=== Supplied data ===

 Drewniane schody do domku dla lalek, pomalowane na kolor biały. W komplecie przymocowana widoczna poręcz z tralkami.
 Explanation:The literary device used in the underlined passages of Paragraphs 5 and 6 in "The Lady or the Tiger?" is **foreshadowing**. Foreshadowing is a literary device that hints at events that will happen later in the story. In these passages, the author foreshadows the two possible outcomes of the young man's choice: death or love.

===
=== Supplied data ===

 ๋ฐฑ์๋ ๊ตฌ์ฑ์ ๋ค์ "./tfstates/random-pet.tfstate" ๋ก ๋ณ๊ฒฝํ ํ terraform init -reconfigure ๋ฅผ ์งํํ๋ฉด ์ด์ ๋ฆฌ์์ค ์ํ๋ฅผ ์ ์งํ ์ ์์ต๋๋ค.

===

- Task requirements
Which lines above run from the one containing "Drewniane schody do" down to the one containing "Explanation:The literary device"? Repeat exactly those, both ends included, and nothing else.

- Response area
 Drewniane schody do domku dla lalek, pomalowane na kolor biały. W komplecie przymocowana widoczna poręcz z tralkami.
 Explanation:The literary device used in the underlined passages of Paragraphs 5 and 6 in "The Lady or the Tiger?" is **foreshadowing**. Foreshadowing is a literary device that hints at events that will happen later in the story. In these passages, the author foreshadows the two possible outcomes of the young man's choice: death or love.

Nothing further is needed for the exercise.